Crohn’s disease (CD) and ulcerative colitis (UC) are debilitating, inflammatory diseases of the gastrointestinal tract, collectively known as the inflammatory bowel diseases (IBD).  Among complex diseases, genetics has been particularly successful in the identification of genes for IBD, with the latest efforts in genome-wide association studies (GWAS) defining confirmed association to 163 gene loci. Specific validated functional variants have have highlighted the significance of intracellular response to microbes and regulation of adaptive immunity in the pathogenesis of IBD.  For the vast majority of these associations, the specific implicated gene and causal functional variants have not been identified, dramatically limiting the near-term insights into pathogenesis and the longer-term ability to convert these associations into actionable therapeutic hypotheses.  The swift progress of GWAS in many disease areas has exposed this same limitation – it is becoming clear that the primary challenge for human genetics is no longer discovering genetic associations, it is in the articulation of how the identified genes and corresponding alleles exert their influence on the biology of health and disease.
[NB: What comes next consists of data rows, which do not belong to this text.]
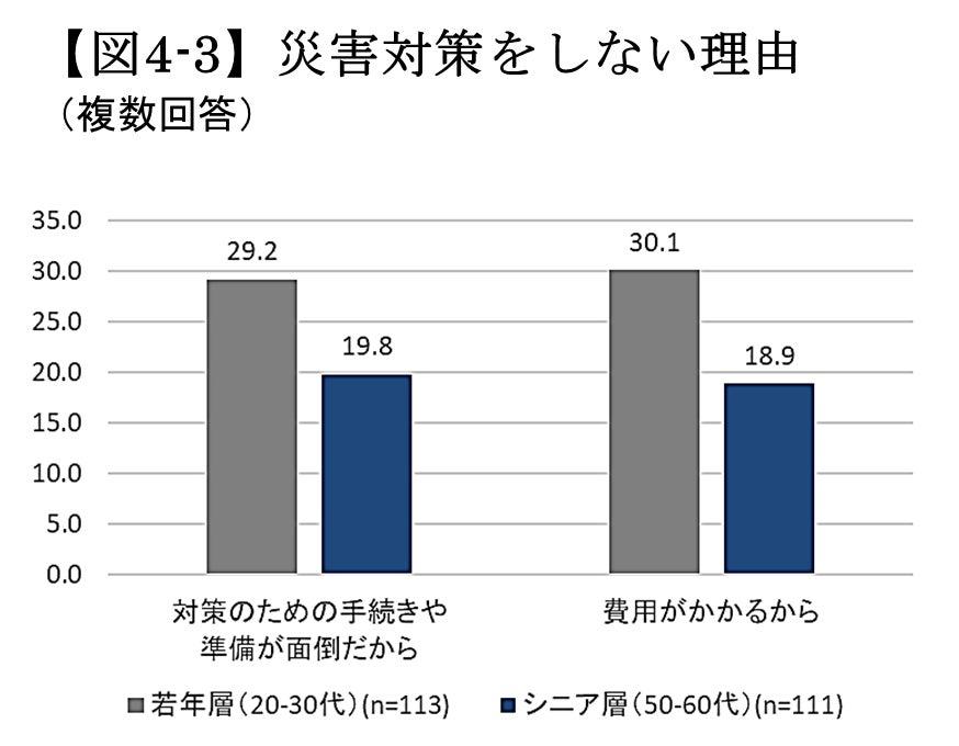 「防災対策をしていない」と答えた若年層に、その理由を聞いたところ、「対策のための手続きや準備が面倒だから」「費用がかかるから」と回答した人が約3割で、これはシニア層よりも約10ポイント高い結果です。若年層はシニア層に比べ手間や費用から防災対策を負担に感じる割合が高いことが分かりました【図4-3】。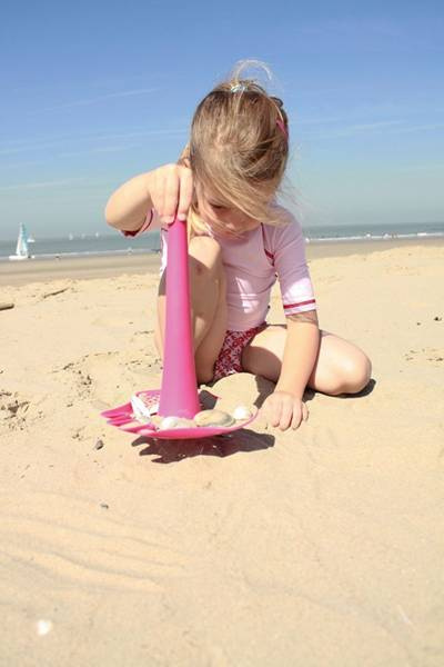 Łopatka wielofunkcyjna Triplet belgijskiej marki Quut przyciąga wzrok niebanalnym designem i oryginalną kolorystyką. Jest poręczna, lekka i łatwa do utrzymania przez dziecko. To prawdziwie wszechstronne narzędzie 4 w 1: może być łopatką, grabkami, sitkiem i lejkiem do wody. Można także przenosić na niej np. muszelki lub wykorzystywać w każdy, dowolny sposób, jaki podpowie dziecku wyobraźnia. Gwarantuje inteligentną aktywność na świeżym powietrzu, i to przez cały rok. Sprawdza się bowiem nie tylko do zabaw w piasku, ale także w wodzie (nawet w wannie), śniegu czy ogrodzie.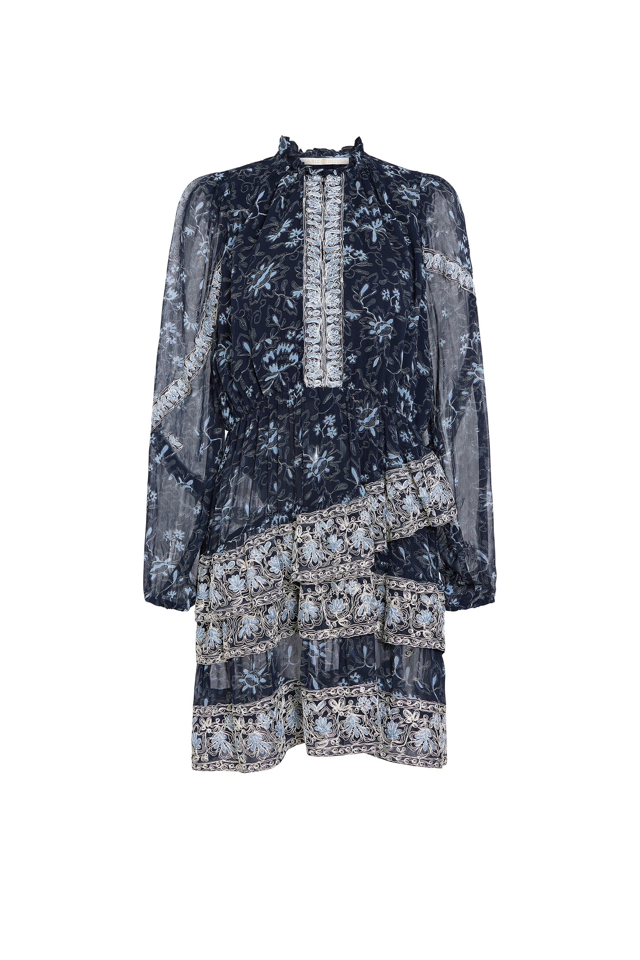 Meet Jazmine, the long-sleeve mini defined by puffed sleeves, a ruffled neckline, and lace-inspired detailing along the shoulders, sleeves, placket, and tiers. Its soft blue and white ditzy floral makes the silhouette endlessly adaptable for everything from leisurely post-holiday brunches to impromptu warm-weather escapes.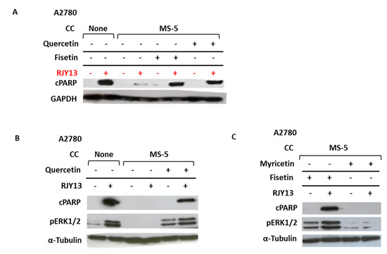 To explore the role of ERK1/2 in MS-5-mediated drug resistance, we asked whether downregulation of phospho-ERK1/2 as a result of co-culture with MS-5 cells is responsible for mediating platinum drug resistance in OC cells. We tested the hypothesis that fisetin and related flavonoids might be useful for restoring platinum sensitivity of OC cells by activating the ERK1/2 pathway. Figure 5A shows that the presence of MS-5 cells prevented apoptosis induction of OC cells exposed to RJY13, as monitored by the presence of cleaved PARP. However, sensitivity of OC cells to RJY13 was restored when 10 μM of either quercetin or fisetin was added with RJY13, as evidenced by the presence of cleaved PARP protein in OC cells treated with RJY13 in co-culture with MS-5 cells (Figure 5A). Moreover, fisetin and quercetin were both active in stimulating ERK1/2 phosphorylation in the co-culture, in both the presence and absence of RJY13 (Figure 5B,C). Interestingly, the flavonoid myricetin, which exhibited no activity in restoring drug sensitivity to OC cells, also failed to significantly activate ERK1/2 (Figure 5C).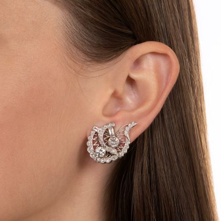 Dating back to the 1930s, these striking, highly stylized leaf motif earrings are designed in a graceful paisley-like shape, set with scintillating European, Swiss, and single-cut diamonds. A crisp zigzag pattern creates a distinctive negative space, while bright baguettes add extra flash. Singular and sensational late-Art Deco sparklers. Total diamond weight, 3.15 carats. Hand fabricated in platinum.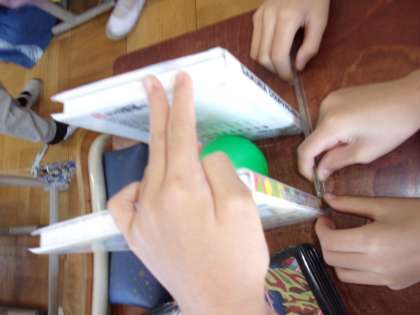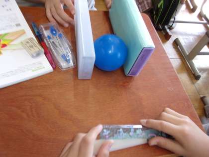 そして、ボールの直径を班で協力して測りました。筆箱などを壁にしてまっすぐになるようにし、工夫してはかることができました。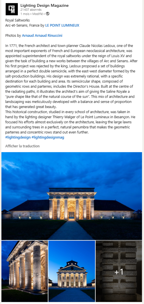 Arc-et-Senans, France by LE POINT LUMINEUX – Article de Lighting Design Magazine.
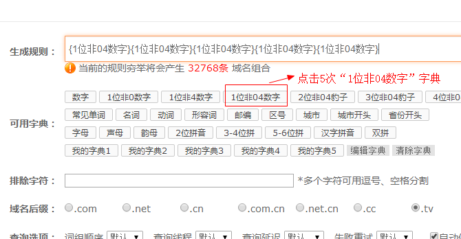 回答:如圖,在查詢標(biāo)簽中,點(diǎn)擊5次“1位非04數(shù)字”標(biāo)簽。→選擇要查詢的域名后綴→點(diǎn)擊“開始查詢”。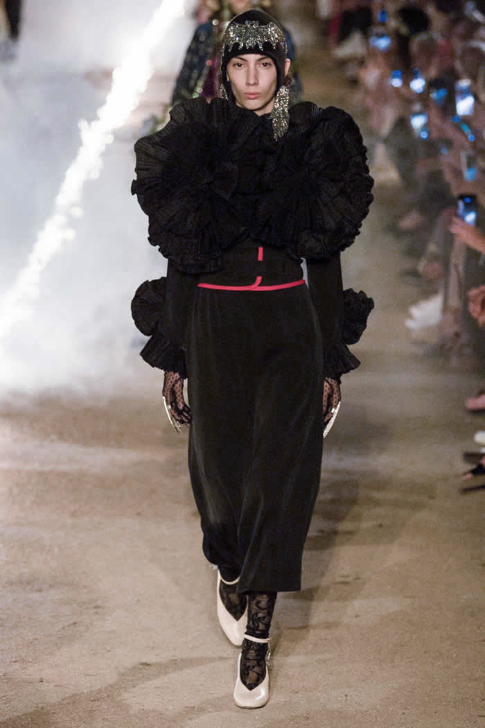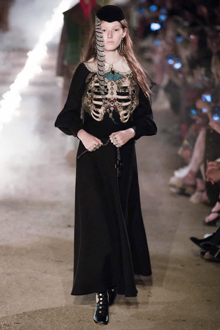Pour la nouvelle collection Gucci Croisière 2019, le directeur créatif de Gucci a choisi la nécropole romaine d’Alyscamps, dans la ville d’Arles, dans le sud de la France, comme cadre de son spectacle, et a profité pleinement de l’histoire scénique de la ville avec un parcours nocturne qui dépasse les temps et les lieux avec un ensemble de références anciennes et modernes.
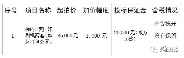 受某单位委托,我公司定于2023年9月11日9时30分起(延时除外),在中拍平台(https://paimai.caa123.org.cn/)进行标的:废旧印刷机两套(整体打包处置)。本场拍卖会标的采取同步拍增价式,价高者所得的原则进行拍卖。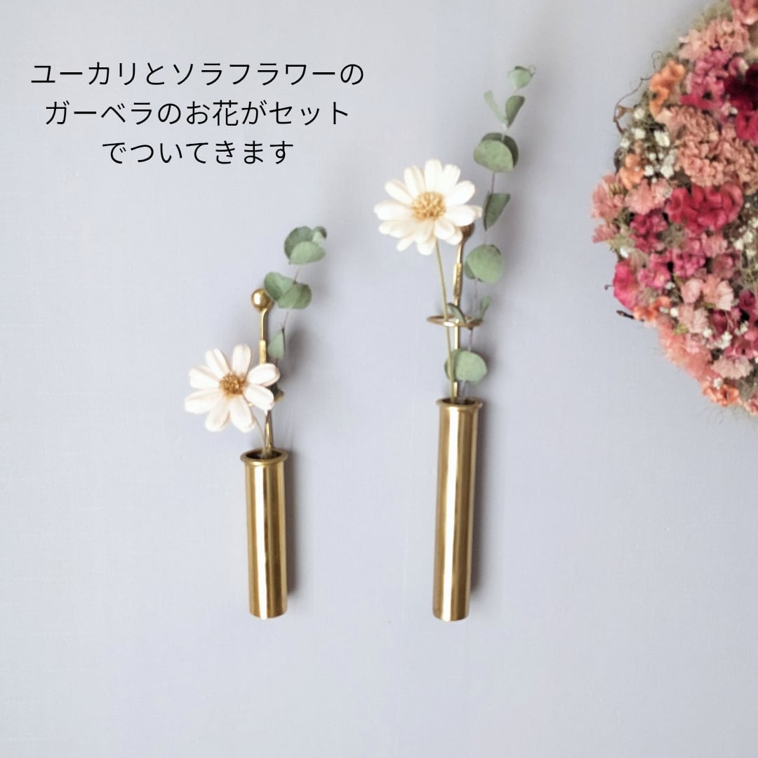 生花も飾れるゴールド仕上げのハンギングフラワーべース。ユーカリとソラフラワーのガーベラのお花セット付きです。

With support from the Helmsley Charitable Trust, we have launched a transformative program of exome sequencing in IBD for which we continue to engage collaborative partners. The overarching aim of the program is to define the full allelic spectrum of protein-altering variation in genes associated to IBD, assess their role in both CD and UC risk, clinical course and response to therapy, and to determine whether loss-of-function variants confer risk or protection in each IBD gene in order to articulate the most opportune therapeutic targets.  Recent technical innovations in DNA sequencing and analysis enable exome sequencing to take place at an unprecedented low cost and high accuracy and have facilitated the launch of this program, which aims to evaluate at least 20,000 exomes over the course of the next 2-3 years.